HASEL (High-Speed Video Annotation Tool for Structured Light Endoscopy in the Human Larynx) is a Deep-Learning-supported tool for generating ground-truth data for High-Speed Video Structured Light Laryngoscopy. This tool enables to robustly and rapidly generate data of:
- Glottal segmentation with different segmentation architectures
- Vocal fold segmentation via frame-wise interpolation
- Semi-automatic and Deep Learning enhanced generation of laserpoint data.
Please follow these instructions to make sure that Hasel runs as intended. In general, we recommend a current nvidia graphics on par with a quadro RTX 4000. First, create the environment and install necessary packages.
conda create --name VFLabel python=3.12
pip install torch torchvision torchaudio
conda install pyqt qtpy
pip install torchmetrics albumentations imageio kornia segmentation-models-pytorch matplotlib flow_vis tensorboard tqdm
Next, install Hasel for development:
git clone https://github.com/Henningson/VFLabel.git
cd VFLabel
python3 -m pip install -e .
Next, we need to create a model folder and install metas cotracker3. For this, you can also follow these instructions.
cd ..
git clone https://github.com/facebookresearch/co-tracker
cd co-tracker
pip install -e .
Next, we need to download the cotracker3 offline version.
cd ../VFLabel
mkdir assets/models
cd assets/models
wget https://huggingface.co/facebook/cotracker3/resolve/main/scaled_offline.pth
cd .../..
Finally, download the glottis segmentation networks from here and move them to assets/models/
.
Make a video here.
Glottal Segmentations can also easily be generated from command line arguments, via the supplied script in the examples:
python examples/scripts/segment_glottis --encoder mobilenet_v2 --image_folder PATH_TO_WHERE_THE_IMAGES_Are --save_folder OUTPUT_FOLDER
We supply four(*) U-Nets with different backbones in this repository.

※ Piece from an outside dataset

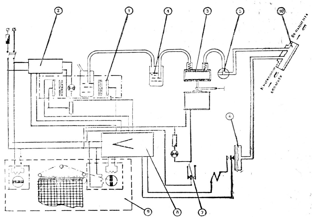 Рис. 2. Принципиальная схема 1. Фотодатчик. 2. Феррорезонансный стабилизатор. 3. Мембранный насос. 4. Увлажнитель. 5. Трехходовой кран. 6. Мембранное реле. 7. Переключатель насоса на искусственное и естественное дыхание. 8. Усилитель. 9. Самопишущий механизм. 10. Переходник к наркозному аппарату
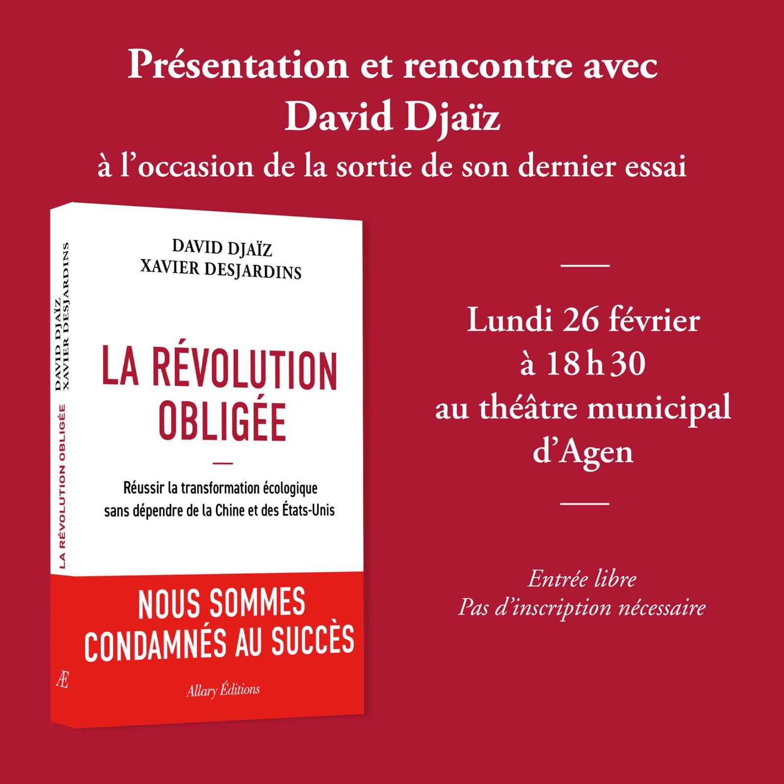 Présentation et rencontre avec David Djaïz à l’occasion de la sortie de son dernier livre « La révolution obligée ».

They can be downloaded here. Make sure to extract the files into assets/models
.
Here is the evaluation of the models.
Generally the resnet based backbones are the best performing, but the other backbones are generally better to use on cpu only systems.
You should generally test out which ones work best for you.
You can find how to use the supplied networks in examples/scripts
.
*: There's also a efficientnet available, but it generally performs worse than the rest. However, I'd advise you to also test it out on some data.
We evaluated the Networks on a combined test-set of the BAGLS and HLE datasets, as well as synthetically created vocal folds using Fireflies.
Backbone | Eval IoU | Eval DICE | Test Dice | Test IoU |
---|---|---|---|---|
mobilenet-v2 | 0.864 | 0.927 | 0.893 | 0.807 |
mobilenetv3_large_100 | 0.845 | 0.916 | 0.789 | 0.65 |
resnet18 | 0.856 | 0.922 | 0.882 | 0.789 |
resnet34 | 0.846 | 0.917 | 0.883 | 0.791 |
To train your own network on a bunch of vocalfold datasets, download the HLE and BAGLS dataset, and put them into a common folder. Next also download the fireflies dataset from here and also extract it into the folder. The final folder structure should look like this:
dataset/
├── BAGLS/
├── HLEDataset/
└── fireflies_dataset_v5/
For training, please follow the code in the example script examples/scripts/train_glottis_segmentation_network.py
.
There, you will fine-tune the decoder of common segmentation model architectures that were pretrained on imagenet.